Alert Fatigue Survey
Surveying on-call about alert quality. Quarterly.
Why a quarterly survey
Metrics tell you alert volume but not which alerts the on-call hates. A 10-question survey to every on-call once a quarter surfaces the qualitative noise: confusing alerts, useless runbooks, alerts that always fire during deploys. Anonymous, 5 minutes to fill out, run the week after each rotation.
- Volume metrics insufficient. They don’t tell you which alerts the on-call hates.
- 10-question quarterly. Surfaces qualitative noise: confusing alerts, useless runbooks, deploy-time fires.
- Anonymous and short. 5 minutes; honest answers depend on anonymity.
- Per-rotation timing. The week after each rotation; recency matters for accuracy.
The questions that matter
Four core questions cover most ground. How many pages required no action (count, not percentage); which 3 alerts were the most painful and why (free text); did any page have a runbook that actually helped (yes/no per page); on a 1-10 scale, how rested are you after this rotation.
- No-action page count. Count, not percentage; the noise volume.

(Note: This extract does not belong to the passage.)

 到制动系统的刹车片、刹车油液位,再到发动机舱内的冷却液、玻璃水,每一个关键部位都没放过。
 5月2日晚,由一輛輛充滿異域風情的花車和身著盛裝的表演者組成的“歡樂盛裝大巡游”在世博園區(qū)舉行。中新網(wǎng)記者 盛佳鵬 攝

- Top 3 painful alerts. Free text; the qualitative signal that drives action.
- Runbook helpfulness. Yes/no per page; the runbook quality measure.

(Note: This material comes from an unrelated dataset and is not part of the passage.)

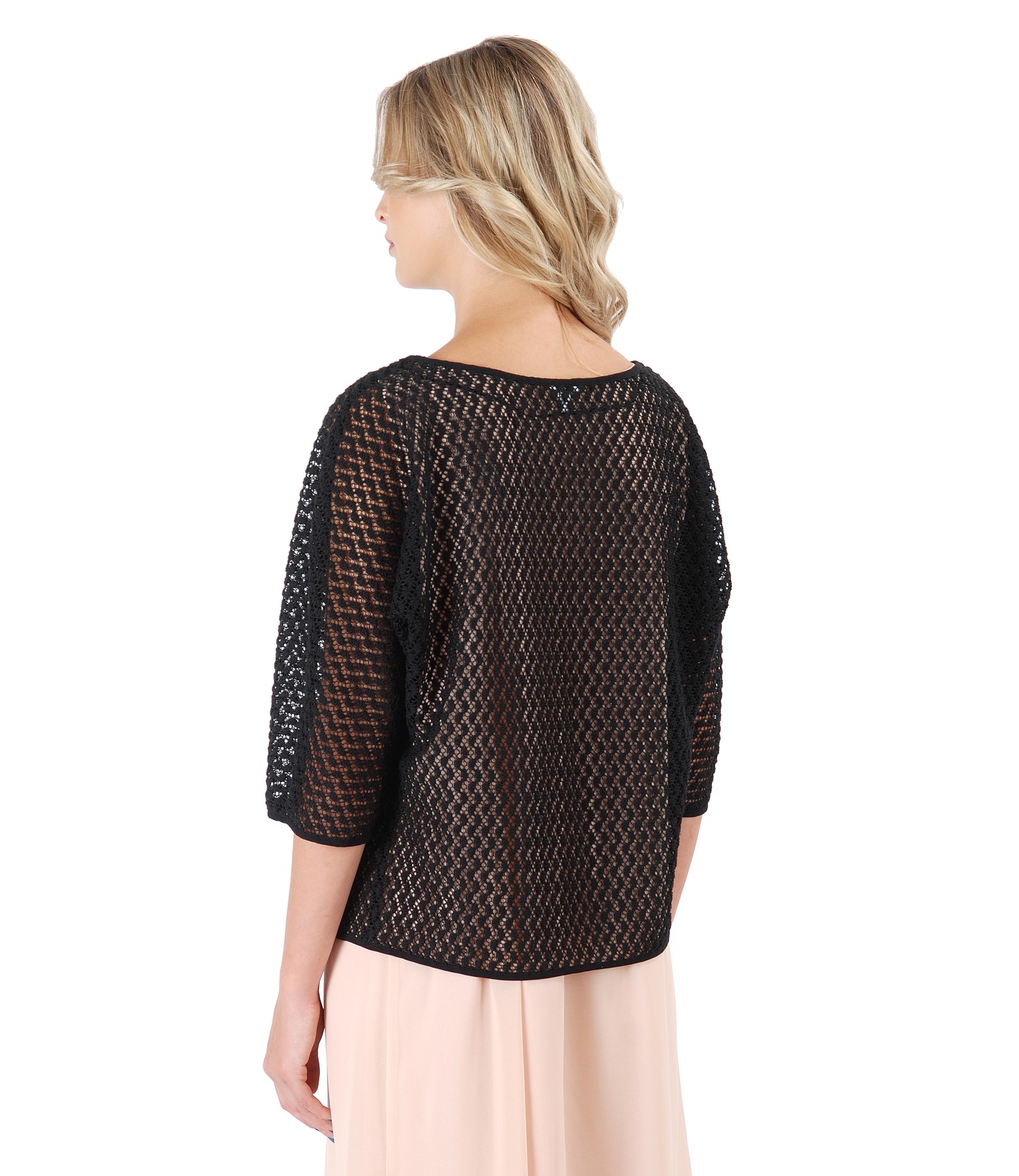 Bolero din dantela cu bumbac, cu maneci kimono 3/4. Se inchide pe fata cu un brandemburg in partea superioara.

- Rest score 1-10. Burnout proxy; below 6 is intervention territory.
Act on the results within 30 days
Action within 30 days keeps the survey alive. Publish a public alert-cleanup list within 2 weeks; top 3 painful alerts get retuned or retired by the next quarter (publish the diff); if the rest score is below 6, reduce the rotation size or pull alerts because burnout is not a metrics problem.

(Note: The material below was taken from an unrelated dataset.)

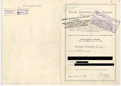 Immobiliare Via Bergamo SA, certificato azionario nominativo
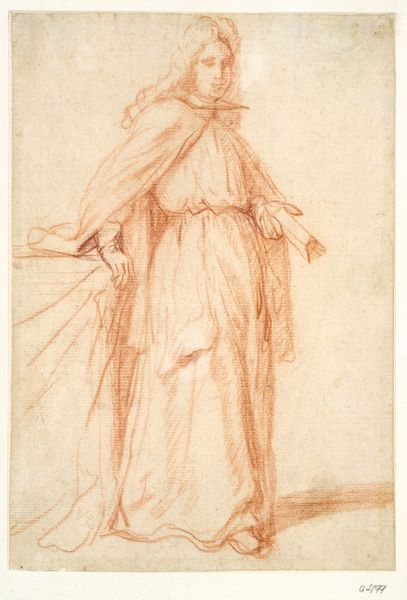 Andrea Boscoli made this red chalk drawing, "Kneeling Figure from the Back," sometime during his career, before 1608. The subdued palette focuses our attention on the figure’s pose, which projects a sense of vulnerability. Boscoli masterfully uses line to define form and volume. Look at the way the lines vary in thickness and pressure, creating a subtle play of light and shadow on the figure. This technique, common in preparatory sketches, allows us to see the artist's process of exploring form and composition. The figure is cropped in such a way that we are given only clues, making it hard to define the subject, or understand the purpose of the work. The structural integrity of Boscoli’s drawing lies in its precise articulation of form through line. It reveals the artist’s deep understanding of the human figure and his skill in translating three-dimensional form onto a two-dimensional surface. The drawing exists as both study and artwork, opening possibilities for ongoing interpretation.

- Public cleanup list in 2 weeks. Survey results without action breeds cynicism.
- Top 3 retuned by next quarter. Publish the diff; the action is visible.
- Rest below 6 triggers intervention. Reduce rotation size or pull alerts; burnout is structural.
- Per-cycle action commitment. One named action per cycle; supports follow-through.
Trend, don't snapshot
One survey is a snapshot; four surveys are a trend. Compare quarter over quarter; track median noise pages per shift, painful-alert count, rest score and plot these against alert volume metrics; trend reversal means the cleanup ritual is working while stable or worsening means you need a bigger intervention.
- Snapshot vs trend. One survey is a snapshot; four are a trend; the multi-quarter view matters.
- Track 3 metrics. Median noise pages, painful-alert count, rest score; plot against volume.
- Trend reversal good. Cleanup ritual is working; the leading indicator.
- Per-trend escalation. Stable or worsening means a bigger intervention; the data drives the response.
Who runs the survey
The owner matters for honesty. On-call manager or SRE lead, not the owning team of the noisy service because that creates conflict-of-interest pressure on responses. 5 minutes per person 4 times a year, 20 minutes per engineer per year total; the ROI is alerts retired, rotations rebalanced, attrition reduced.
- Manager or SRE lead. Not the owning team of the noisy service; conflict of interest distorts responses.
- 20 minutes per engineer per year. 5 minutes per person, 4 times a year; the cost is small.
- ROI: alerts retired, rotations rebalanced, attrition reduced. The cheapest signal you can buy.
- Per-org survey owner. Documented ownership; supports consistent execution.